Hacker News new | ask | show | jobs
by kator 12 days ago
> Yet, this shift made me re-evaluate the open source code publishing. Prior to that, I have been positive about free and open software, and considered this to be the default mode for work such as kefir. I did not require any justifications from myself to publish something. Now, however, I feel more and more that the main beneficiaries of my unpaid work are companies scraping the internet to train large language models. Currently accepted status quo in this area goes against my own intentions in licensing this work under GNU GPLv3. Publication has ceased to be the "null hypothesis" for me, and requires explicit mental justification which I am not able to provide.

I feel this pain, one of my small donation driven sites has been destroyed by crawlers who just ignore robots.txt and burn the site into the ground.
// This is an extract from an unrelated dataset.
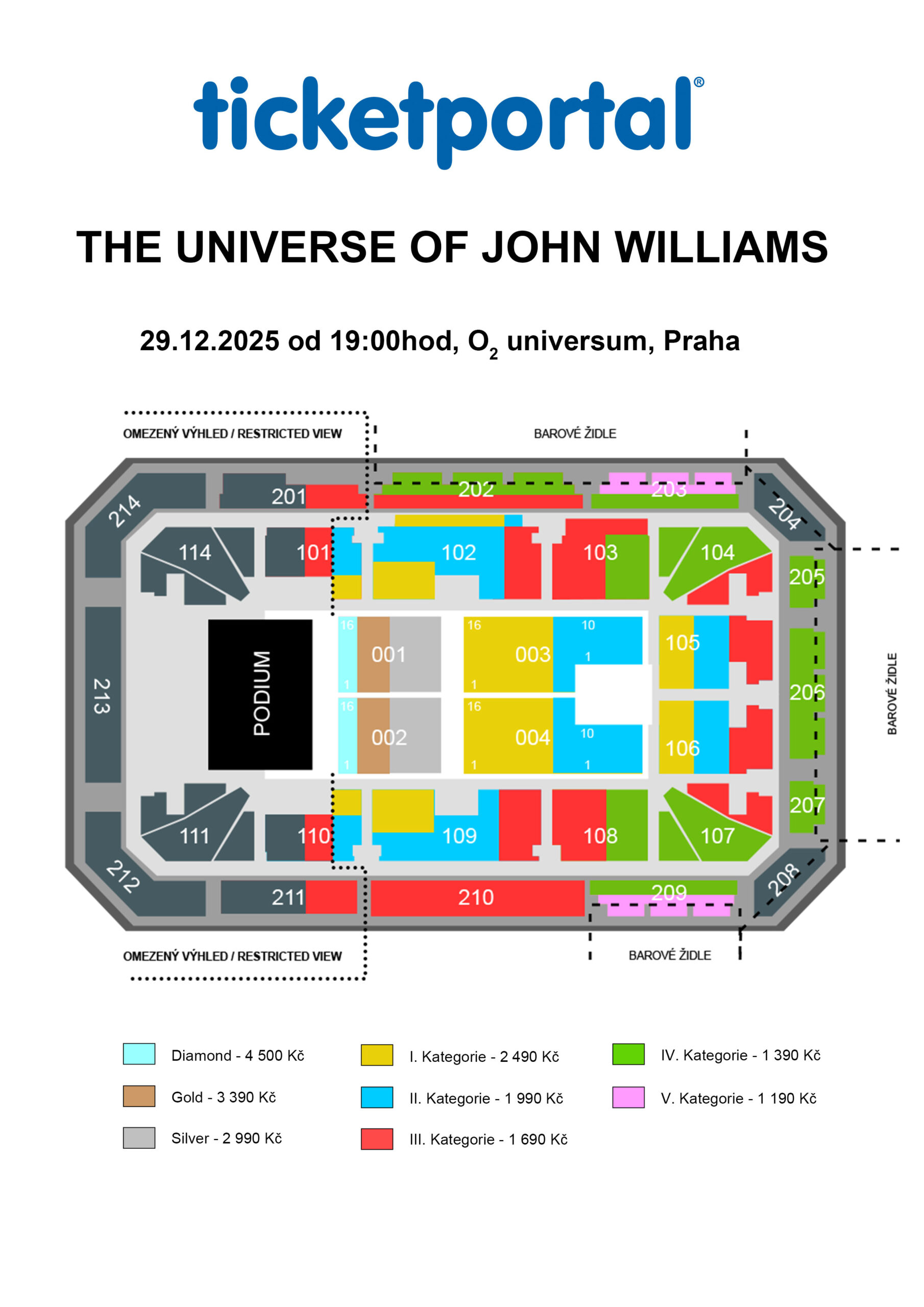 1 190 – 4 500 Kč Vstupenky pro držitele průkazu ZTP/P vozíčkáře objednávejte u společností Ticketportal (rezervace@ticketportal.cz) a Ticketmaster (ticket@ticketmaster.cz). |

Sort of jokingly I proposed an update to the "spam fax" law:

https://www.karlbunch.com/random/website-protection-act/

4 comments

This is essentially the digital world transforming from a high trust society into a low trust one. Sad to see.
I don't think the digital world was ever high trust. I mean, everyone above a certain age is trained to never click on the biggest download button on a page and to uncheck any checkboxes during an installation. A certain open source forge used to bundle malware in downloads. You can't walk two steps without hitting cloudflare. All email providers consider random VPS IP ranges to be spam farms. All web servers with public IPs must be up to date or you get pwned instantly and assimilated into a bot farm.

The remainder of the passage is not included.